Even with all those considerations (or perhaps because of them), it is my opinion that, for myself, the moral component TKD (which many consider religious, even though it's not) provided a set of guiding principles that were lacking in my life before I started TKD - and that is the perspective from which I pass on that information.


----------



## Carol (Apr 28, 2006)

bydand said:
			
		

> A different thread started me thinking of religion in the arts. While each region has their own religious thoughts, do they by necessity follow the arts from that region? What I am trying to ask is: If you practice a Japanese/Korean/Chinese art and want to progress further than the inital beginning ranks of BB, do you have to "follow" whatever religion is "associated" with your art?
> 
> I will give my thoughts, but *really* want to know others thoughts as well.
> 
> ...


 
Keep in mind that religion in Asia does not mean the same thing as it does here.  

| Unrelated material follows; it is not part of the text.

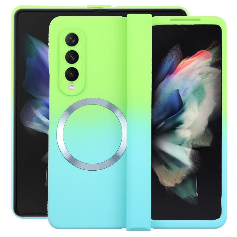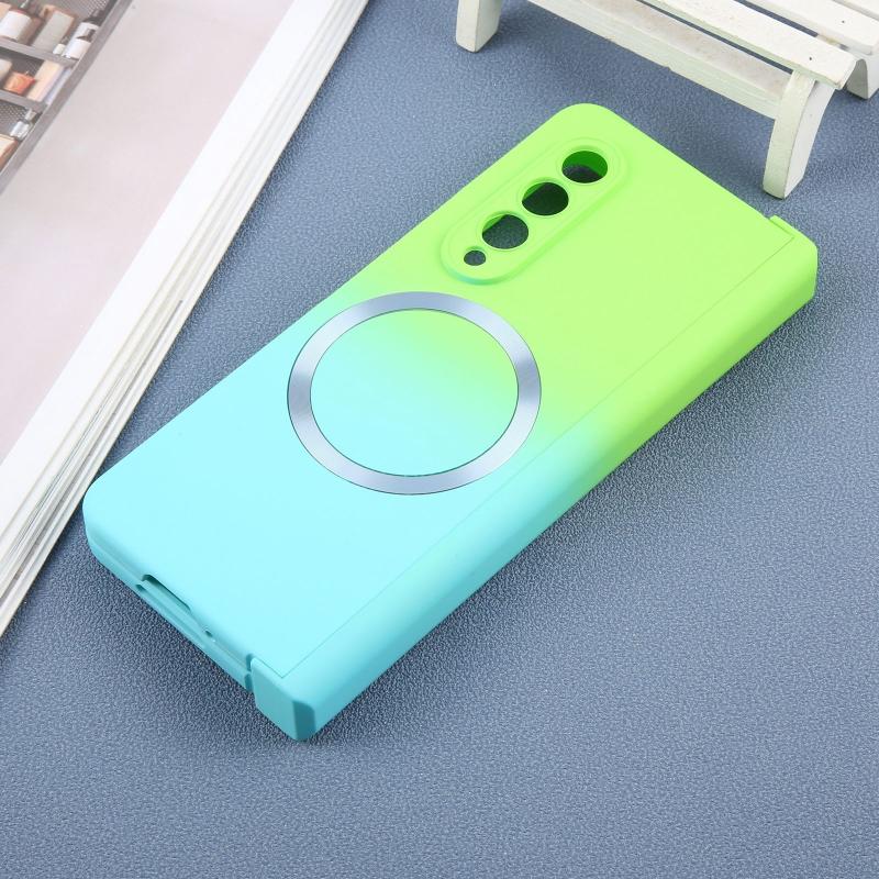 For Samsung Galaxy Z Fold4 Liquid PC Gradient MagSafe Phone Case(Cyan Blue)
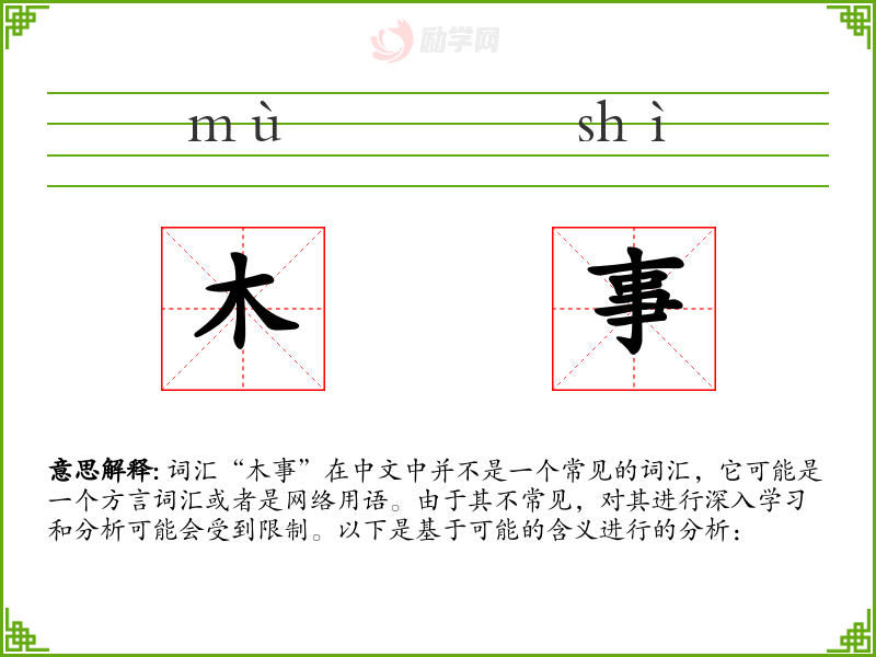 词汇“木事”在中文中并不是一个常见的词汇,它可能是一个方言词汇或者是网络用语。由于其不常见,对其进行深入学习和分析可能会受到限制。以下是基于可能的含义进行的分析:

In the US, religion refers to faith.

In Asia, religion refers to faith, culture, and often times ethnicity.

As such, some things that are legacy to Asia may be referred to as "Buddhist", but may not necessarily a Buddhst religious practice, it may be a cultural practice.   

There are many reasons for this.  In a country like ours with our history, we have come to subdivide people in to rough racial groups:  white, black, Hispanic, Asian, etc.  Asian countries are made up of...Asians.  I'm not saying that to be flip...just illustrating a different model.  Subdivisions are often made on religious bounds.

Western practices (Judeo-Christian) are largely rules-based.  Do unto others as you would have them do unto you.  Thow shalt not kill.  Love thy neighbor as thyself.  Eastern practices are more contemplative in nature.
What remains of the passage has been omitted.